Estimated Read Time: 7 minutes


Mortgage License Bonds Claims Guide

To be registered with the Nationwide Multistate Licensing System and Registry (NMLS), and to maintain licensure by your governing state regulator, an applicable Mortgage License Bond is required of these common license types within the industry: mortgage brokers, mortgage lenders, mortgage servicers, and mortgage loan originators.
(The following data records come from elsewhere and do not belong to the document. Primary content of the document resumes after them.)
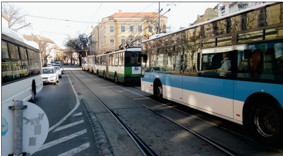
Figure 1 Trams, trolleybus and bus conjunction in Szeged, Dugonics square

se are also beneficial from area usage point of view too, which are really important to manage in cities. Public transport lanes bring a new approach to traffic management when the same pavement surface can be used either by trams, buses or trolleybuses (Figure 1).
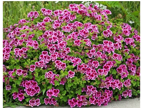
Pelargonium "Veronica Contreras"

We are including both Pelargoniums and Geraniums in our March mini show. Pelargonium is a genus of flowering plants including about 200 perennials, succulents, and shrubs species, which are also commonly known as geraniums . Both genera belong to the Geraniaceae family that originally included all the species in one genus, Geranium . They were later separated into two genera in 1789. Pelargonium species are evergreen perennials indigenous to temperate and tropical regions of the world with most Southern African species. Often grown as popular bedding plants like Geraniums , they are drought and heat tolerant but can tolerate only minor frosts. The shape of the flowers offers one way of distinguishing between Geranium and Pelargonium .
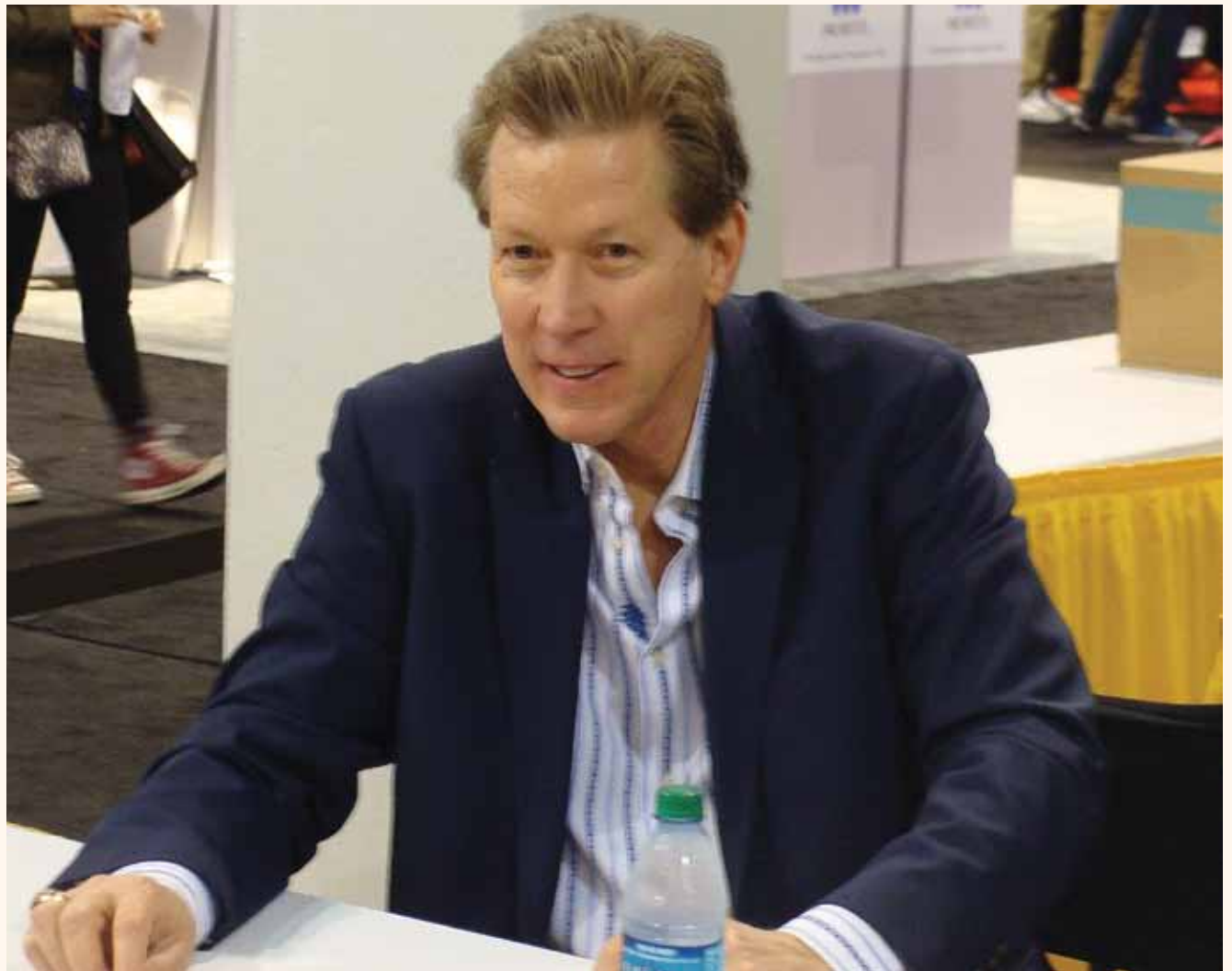
Retired MLB pitching ace Orel Hershiser at the Glove Club (booth No. 832).
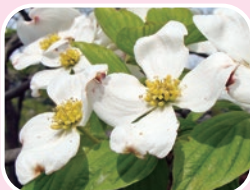
⑥ Flowering dogwood
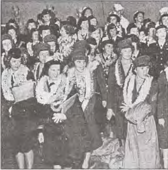
First WAVES, SPARS, and women Marines prepare to leave Hawaii for stateside, October 13, 1945.

and to substantiate this, one former WAVES member remembered the following Navy saying: “If it moves — salute it. If it doesn’t — paint it.” 28 Furthermore, according to a 1944 handbook on etiquette and customs for members of the WAVES and SPARS, the following rigid description of “the Salute” applied to all in uniform:
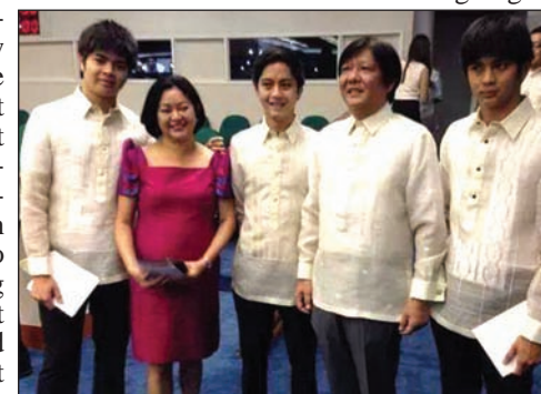
Former Senator Bongbong Marcos and his wife and three sons.

With the proxy war that is going on between Duterte and Imelda, the calculus for the presidential election in 2022 is going to
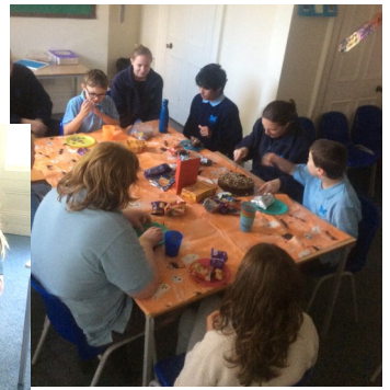
Party time in Swallowtail
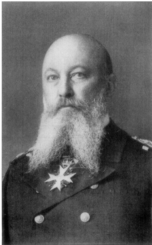
ADMIRAL ALFRED P. VON TIRPITZ LORD HIGH ADMIRAL OF THE GERMAN IMPERIAL NAVY FROM 1911 TO 1916.
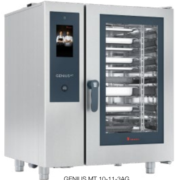
GENIUS MT 10-11-3AG
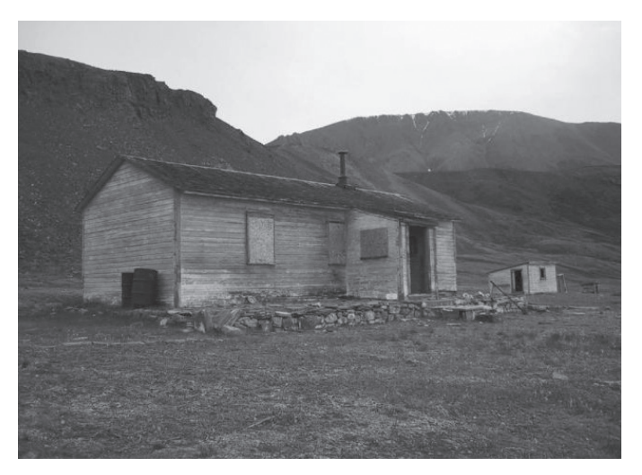
Deserted RCMP building, Dundas Harbour (D.Riedel, 2007) 12

For hours they cruised back and forth under the lea of a mile long, flat ice-berg for shelter until the gale subsided. Late after-noon of August 18 they anchored in front of the deserted, very exposed police detachment, located at a small, ice free bight to the east of Dundas Harbour. Here they posted the first cylinder; prior to the journey, preparations were made for Larsen and his crew to build a series of cairns and to deposit brass cylinders containing

Occasionally, a mortgage banker or mortgage company license will also pop up among the regulations. 

The mortgage industry is generally regarded as low-risk due to the various educational qualifications and extensive licensing processes required of applicants, as well as an overall “by the book” attitude within the profession. 

However, mortgage professionals do hold a position of power over consumers on account of their access to sensitive information (e.g. social security numbers, bank details, loan information, etc.), and their thorough knowledge of a niche business that is not really common sense based. Because of this, a surety bond is required by state regulators to ensure the credibility and responsibility of the licensee. 

So, where does Jet Insurance Company come in? By providing a Mortgage License Bond, Jet financially guarantees that restitution is available to any damaged party should the mortgage professional commit a license transgression. Hopefully, it never comes to that, but bond claims do happen. Let’s go over how to steer clear of Mortgage License Bond claims and what to do should an official claim ever occur.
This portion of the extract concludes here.